Lab 4: Op-Amps II, Gain-Bandwidth Product and Slewing ECE 420L
Authored By: Joey Yurgelon
Email: yurgelon@unlv.nevada.edu
February 19, 2015
Pre-lab Work:
Lab Description:
- Students
will understand the bandwidth and gain relation of op-amps as well as their various speed limitations.
Lab Requirements:
- Repeat these steps using the inverting op-amp topology having gains of -1, -5, and -10.
- Design
two circuits for measuring the slew-rate of the LM324. One circuit
should use a pulse input while the other should use a sinewave input.
- Provide comments to support your design decisions.
- Comment on any differences between your measurements and the datasheet’s specifications.
Experimental Results:
Exercise #1: Estimate, using the datasheet, the bandwidths for non-inverting op-amp topologies having gains of 1, 5, and 10.
- The
GBP of the LM324 is listed as 1.3MHz. This is when the gain is 1x. It
would soon follow suit that by increasing the gain, the bandwidth must
go downwards. The estimated values are seen below.
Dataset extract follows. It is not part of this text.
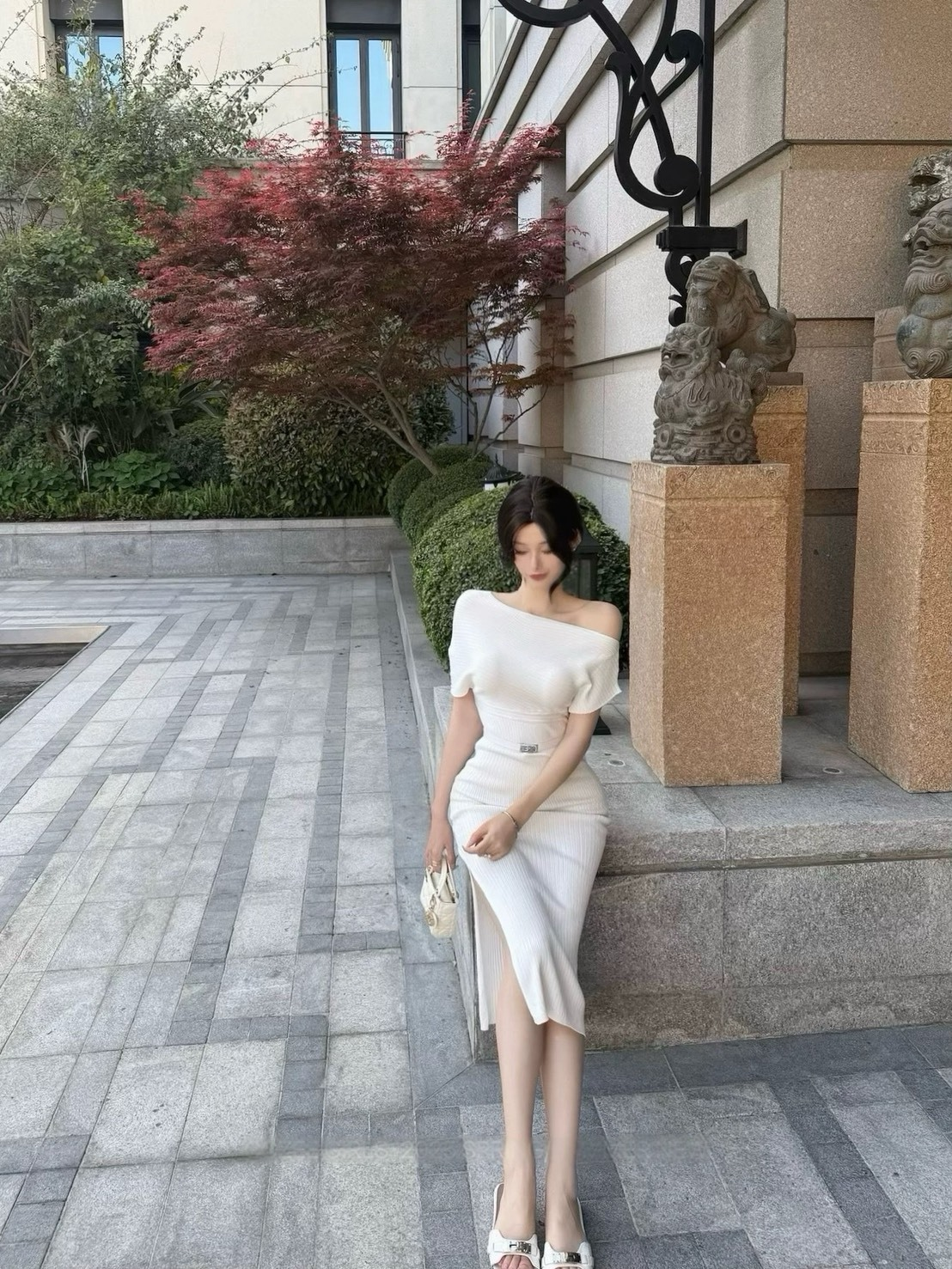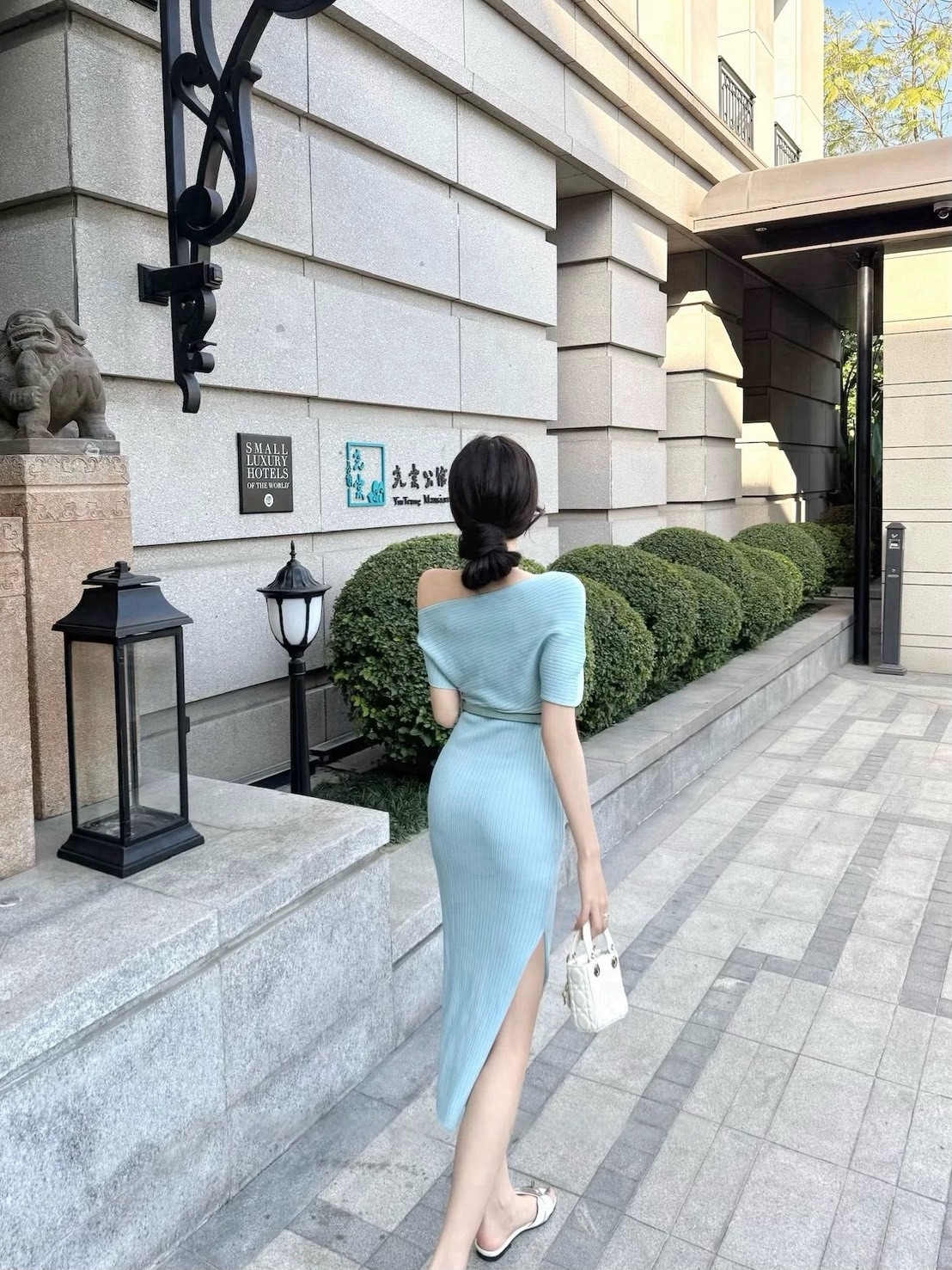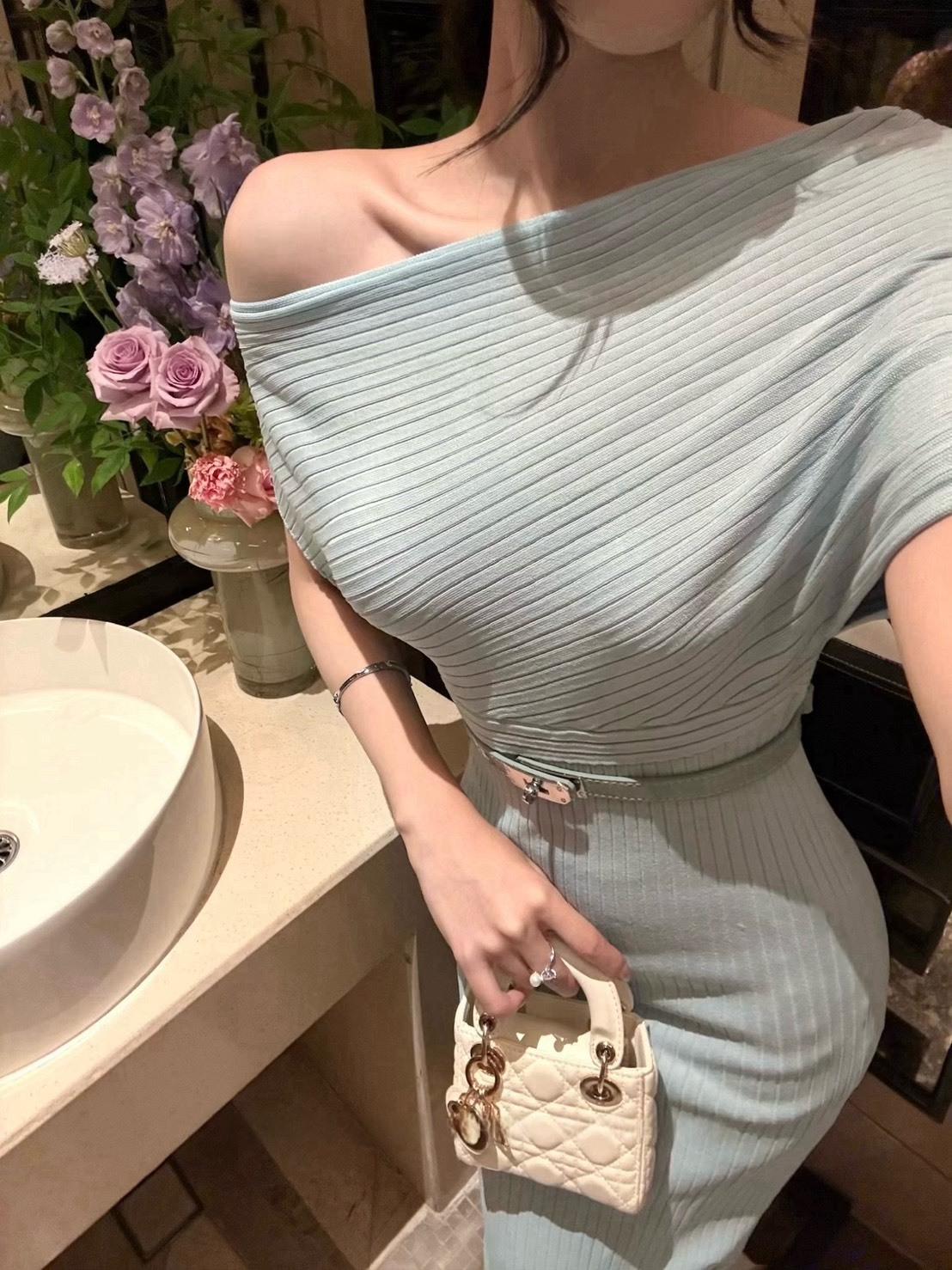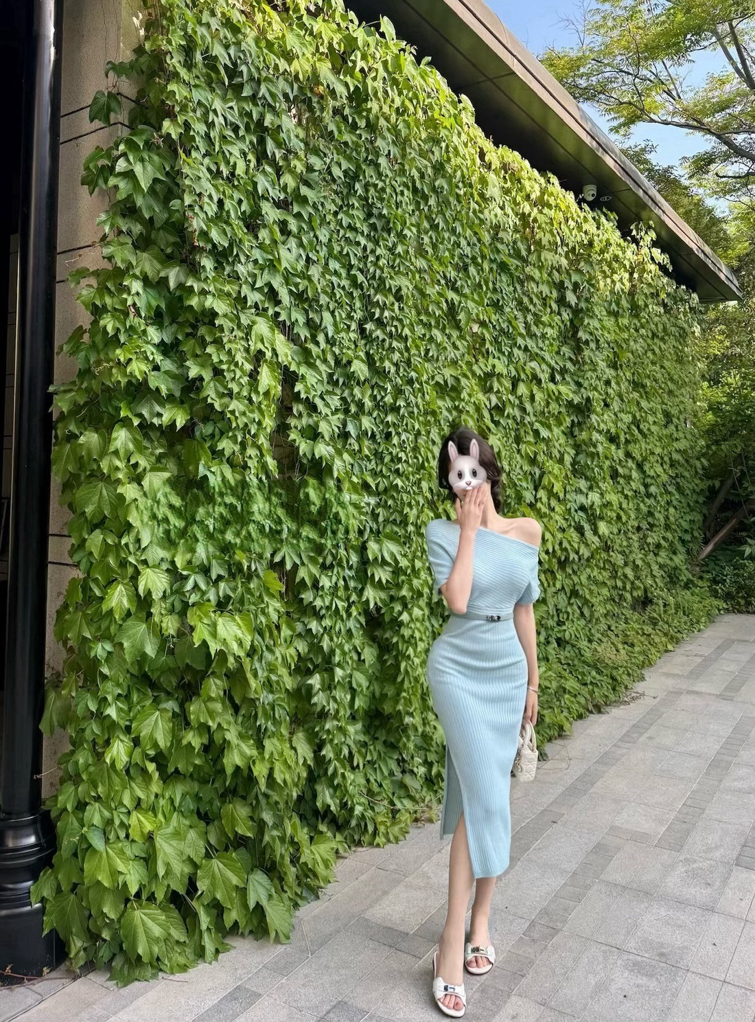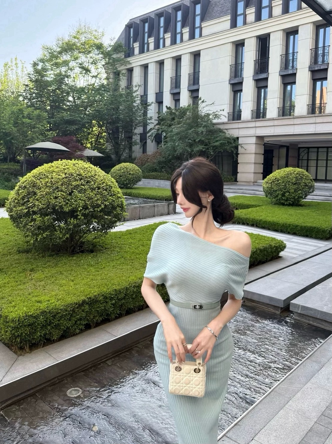 25Oct. 人間夢露氣質收腰法式紙片裙 湖水綠/白

Exercise #2: Experimentally verify these estimates assuming a common-mode voltage of 2.5V.
- Since this configuration is non-inverting, we expect that the estimates
made in the previous exercise will hold relitively true experimentally
as well. This, however, was not exactly the case. We had quite a bit of
issues getting this circuit to function as intended, but when we did,
we received values much greater than those listed in the datasheet. We
could only assume that the op-amp that was used could of been the cause
and was surely an annomoly. The various 3dB frequencies are varied
gains are listed in the table below.
3dB Frequency | Gain |
1.77 MHz | 1x |
337.9 kHz | 5x |
203.4 kHz | 10x |
Non-Inverting Topology and Circuit Layout |
Non-Inverting: 1x Gain: 1.77 MHz 3dB Point |
Non-Inverting: 5x Gain: 337.9 kHz 3dB Point
|
Non-Inverting: 10x Gain: 203.4 kHz 3 dB Point |
Exercise #3: Repeat these steps using the inverting op-amp topology having gains of -1, -5, and -10.
- Since
we are using a inverting topology in this case, the calculation for the
BW is slightly different. The correct formula would be as follows:
abs(R2/R1 + 1)*BW = GBP. The theoretical BW values can be seen
below. In our experimental calculations, we can see that once the
gain increases to approximately 5, the corrected formula does not have
the same affect as it did at the lower gain values.
3 dB Frequency | Gain |
1.26 MHz | 1x |
348.4 kHz | 5x |
193.4 kHz | 10x |
Inverting Topology and Circuit Layout |
Inverting: 1x Gain: 1.26 MHz 3 dB Point |
Inverting: 5x Gain: 348.3 kHz 3 dB Point |
Inverting: 10x Gain: 193.4 kHz 3 dB Point |
Exercise #4: Design
two circuits for measuring the slew-rate of the LM324. One circuit
should use a pulse input while the other should use a sinewave input.
- In
the following two pictures, one can see that with an increase in the
amount of voltage being switched at the output, the lower the frequency
needed to cause a slew rate issue. In both cases, we increased the
innput voltage as high as possible without saturating, and then
increased the input frequency till the output began to become slew
limited. The hand calculations as presented in the video are rederived
below. As for experimental testing, we used a non-inverting topology
with a 10x gain. This design consideration was taken due to the fact
that we would expect nearly a cosine, or a phase shift if we started to
become slew limited. This can be seen in the sine wave picture below.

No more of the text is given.